+++ DATA SHOWN +++
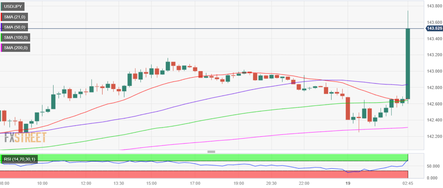 USD/JPY rallied over one big figure following the BoJ’s policy announcements. The pair is currently trading at 143.60, up 0.60% on the day, having tested 143.75 in a knee-jerk reaction to the BoJ decision.
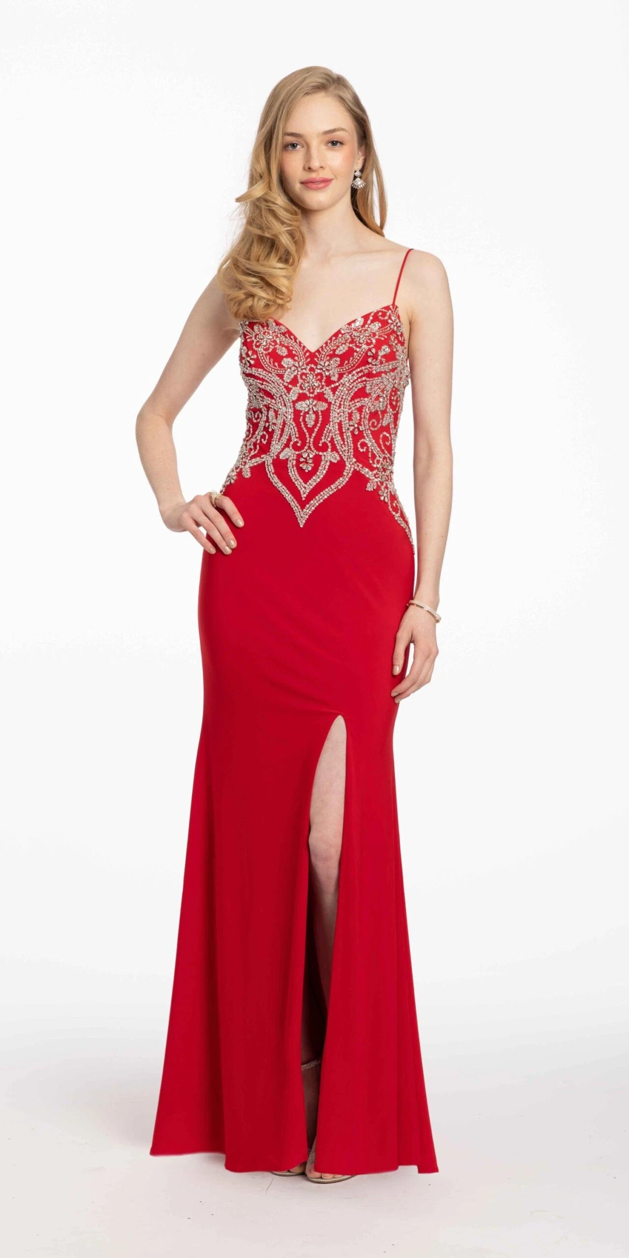 This sophisticated evening dress is just waiting for an invite to your next event! With its sweetheart neckline, rhinestone detailing on the bodice, and thigh high leg slit, this long prom dress is truly a stunner. Also wear it as a wedding guest dress. Complement the look with gold accessories to finish.
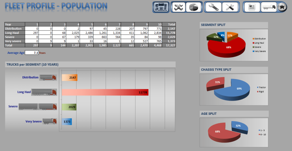 In this project, I analysed the total active population of Volvo trucks in the country over a 10+ year lifecycle, segmented by usage severity (Distribution, Long Haul, Severe, Very Severe).
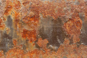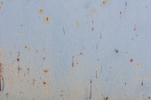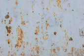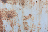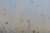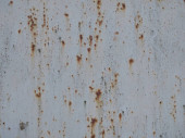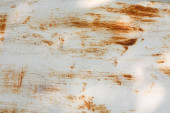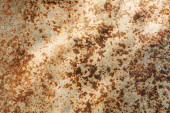 Metalowa powierzchnia pokryta rdzą i śladami zużycia. Kolor waha się od brązowego do białego, co wskazuje lata ekspozycji na działanie pogody. Tekstura jest szorstka i nierówna, wykazuje oznaki starzenia.
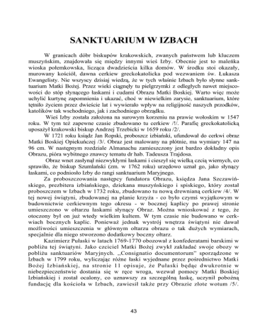 SANKTUARIUM W IZBACH W granicach dóbr biskupów krakowskich, zwanych państwem lub kluczem muszyńskim, znajdowała się między innymi wieś Izby. Obecnie jest to maleńka wioska połemkowska, licząca dwadzieścia kilka domów. W środku stoi okazały, murowany kościół, dawna cerkiew greckokatolicka pod wezwaniem św. Łukasza Ewangelisty. Nie wszyscy dzisiaj wiedzą, że w tych właśnie Izbach było słynne sanktuarium Matki Bożej. Przez wieki ciągnęły tu pielgrzymki z odległych nawet miejscowości do stóp słynącego łaskami i cudami Obrazu Matki Boskiej. Warto więc może uchylić kurtynę zapomnienia i ukazać, choć w niewielkim zarysie, sanktuarium, które tętniło życiem przez dwieście lat i wywierało wpływ na religijność naszych przodków, katolików tak wschodniego, jak i zachodniego obrządku. Wieś Izby została założona na surowym korzeniu na prawie wołoskim w 1547 roku. W tym też zapewne czasie zbudowano tu cerkiew /!/. Parafię greckokatolicką uposażył krakowski biskup Andrzej Trzebicki w 1659 roku /2/. W 1721 roku ksiądz Jan Ropski, proboszcz izbiański, ufundował do cerkwi obraz Matki Boskiej Opiekuńczej /3/. Obraz jest malowany na płótnie, ma wymiary 147 na 96 cm. W następnym rozdziale Almanachu zamieszczony jest bardzo dokładny opis Obrazu, pióra wybitnego znawcy tematu dr hab. Tadeusza Trajdosa. Obraz wnet zasłynął niezwykłymi łaskami i cieszył się wielką czcią wiernych, co sprawiło, że biskup Szumlański (zm. w 1762 roku) urzędowo uznał go, jako słynący łaskami, co podniosło Izby do rangi sanktuarium Maryjnego. Za proboszczowania następcy fundatora Obrazu, księdza Jana Szczawińskiego, prezbitera izbiańskiego, dziekana muszyńskiego i spiskiego, który został proboszczem w Izbach w 1732 roku, zbudowano tu nową drewnianą cerkiew /4/. W tej nowej świątyni, zbudowanej na planie krzyża - co było czymś wyjątkowym w budownictwie cerkiewnym tego okresu - w bocznej kaplicy po prawej stronie umieszczono w ołtarzu łaskami słynący Obraz. Można wnioskować z tego, że otoczony był on już wtedy wielkim kultem. W tym czasie nie budowano w cerkwiach bocznych kaplic. Ponieważ jednak wystrój wnętrza świątyni nie dawał możliwości umieszczenia w głównym ołtarzu obrazu o tak dużych wymiarach, specjalnie dla niego stworzono dodatkowy boczny ołtarz. Kazimierz Pułaski w latach 1769-1770 obozował z konfederatami barskimi w pobliżu tej świątyni. Jako czciciel Matki Bożej zwykł zakładać swoje obozy w pobliżu sanktuariów Maryjnych. ,,Consignatio documentorum” sporządzone w Izbach w 1799 roku, wyliczając różne łaski wyjednane przez pośrednictwo Matki Bożej Izbiańskiej, na stronie 11 opisuje, że Pułaski będąc dwukrotnie w niebezpieczeństwie dostania się w ręce wroga, wezwał pomocy Matki Boskiej Izbiańskiej i został ocalony, co uznawszy za szczególną łaskę, uczynił pobożną fundację dla kościoła w Izbach, zawiesił także przy Obrazie złote wotum /5/. 43 Na ścianie obok ołtarza Matki Bożej wymalowano wtedy Pułaskiego na tle obozu konfederatów, modlącego się do Matki Bożej Izbiańskiej /6/. W roku 1886 zbudowano w Izbach nową, okazałą cerkiew murowaną z kamienia, usytuowaną podobnie jak poprzednia na planie krzyża z dwoma bocznymi kaplicami. W kaplicy po prawej stronie umieszczono w ołtarzu łaskami słynący Obraz. Nowa, obszerniejsza cerkiew potrzebna była ze względu na duży napływ pielgrzymów. Szły tu nawet pielgrzymki z Węgier i Słowacji, szli katolicy obydwu obrządków /?/. Profesor dr Rodion Mochnacki z Krakowa (syn ks. Włodzimierza Mochnackiego, greckokatolickiego administratora w Czyrnej do 1913 roku), zmarły w 1981 roku, jako sędziwy starzec opowiadał mi, że pamięta wielki napływ ludzi do Izb i kult Matki Bożej Izbiańskiej. W 1923 roku mieszkańcy Izb przeszli w większości na prawosławie i zbudowali sobie osobną świątynię, rozebraną po ostatniej wojnie. Tymczasem starą cerkiew zamknięto i kult zaczął wygasać. Klucze do cerkwi miał u siebie greckokatolicki proboszcz w Banicy. On też z małymi grupkami swoich parafian chodził do Izb, by odprawiać tam Mszę świętą i modlić się przed Obrazem. Nieraz zdarzało się, że wierni zostali obrzuceni kamieniami przez prawosławnych Izbian (oczywiście poza cerkwią). W roku 1947 wysiedlono resztę Łemków, opuszczona cerkiew niszczała. Rozkradzio-no wiele elementów z jej bogatego wyposażenia. Łaskami słynący Obraz szczęśliwie ocalał, nie naruszony w swym ołtarzu. Zaczęli sprowadzać się nowi osadnicy, obecni mieszkańcy Izb. Przez krótki okres czasu należeli do rzymskokatolickiej parafii w Bereście, później (1948) utworzono takąż parafię w Czyrnej i tam Izby przyłączono. Ksiądz Stanisław Panek, pierwszy rzymsko-katolicki proboszcz w Czyrnej, dojeżdżał regularnie do Izb - izbiańska świątynia ożyła. Od tej pory stale w Izbach odprawiane są Msze święte. Dnia 24 marca 1955 roku bezprawnie zabrano łaskami słynący Obraz i umieszczono go w bocznym ołtarzu kościoła w Bereście (dawna cerkiew unicka), a do Izb zrobiono kopię. Namalował ją ksiądz kanonik Adam Stachoń. Kopia jest piękna, wykonana dokładnie i starannie, ale jest to tylko kopia. W Bereście zaczęto czcić izbiańska Ikonę, ale wnet kult ustał. Obraz pełni tam funkcję zwykłego ołtarzowego wizerunku. Usilne starania o powrót świętej Ikony do Izb, jak dotychczas nie odniosły skutku. Studenckie Koło Przewodników Beskidzkich w Warszawie, chcąc przypomnieć i uczcić Kazimierza Pułaskiego, konfederatów barskich i ich nabożeństwo do Matki Bożej Izbiańskiej, ufundowało pamiątkową tablicę, która została wmurowana w ścianę kościoła obok ołtarza, gdzie był umieszczony cudowny Obraz. Dnia 3 maja 1985 roku ksiądz biskup Piotr Bednarczyk tę tablicę uroczyście odsłonił i poświęcił. Dokonał tego w obecności wielu kapłanów, około dwustu przew
+++
EXERCISE REQUIREMENTS — Repeat the records above exactly, from the first line through the line that contains "Metalowa powierzchnia pokryta", and leave out the pictures.

WRITTEN SOLUTION —
 USD/JPY rallied over one big figure following the BoJ’s policy announcements. The pair is currently trading at 143.60, up 0.60% on the day, having tested 143.75 in a knee-jerk reaction to the BoJ decision.
 This sophisticated evening dress is just waiting for an invite to your next event! With its sweetheart neckline, rhinestone detailing on the bodice, and thigh high leg slit, this long prom dress is truly a stunner. Also wear it as a wedding guest dress. Complement the look with gold accessories to finish.
 In this project, I analysed the total active population of Volvo trucks in the country over a 10+ year lifecycle, segmented by usage severity (Distribution, Long Haul, Severe, Very Severe).
 Metalowa powierzchnia pokryta rdzą i śladami zużycia. Kolor waha się od brązowego do białego, co wskazuje lata ekspozycji na działanie pogody. Tekstura jest szorstka i nierówna, wykazuje oznaki starzenia.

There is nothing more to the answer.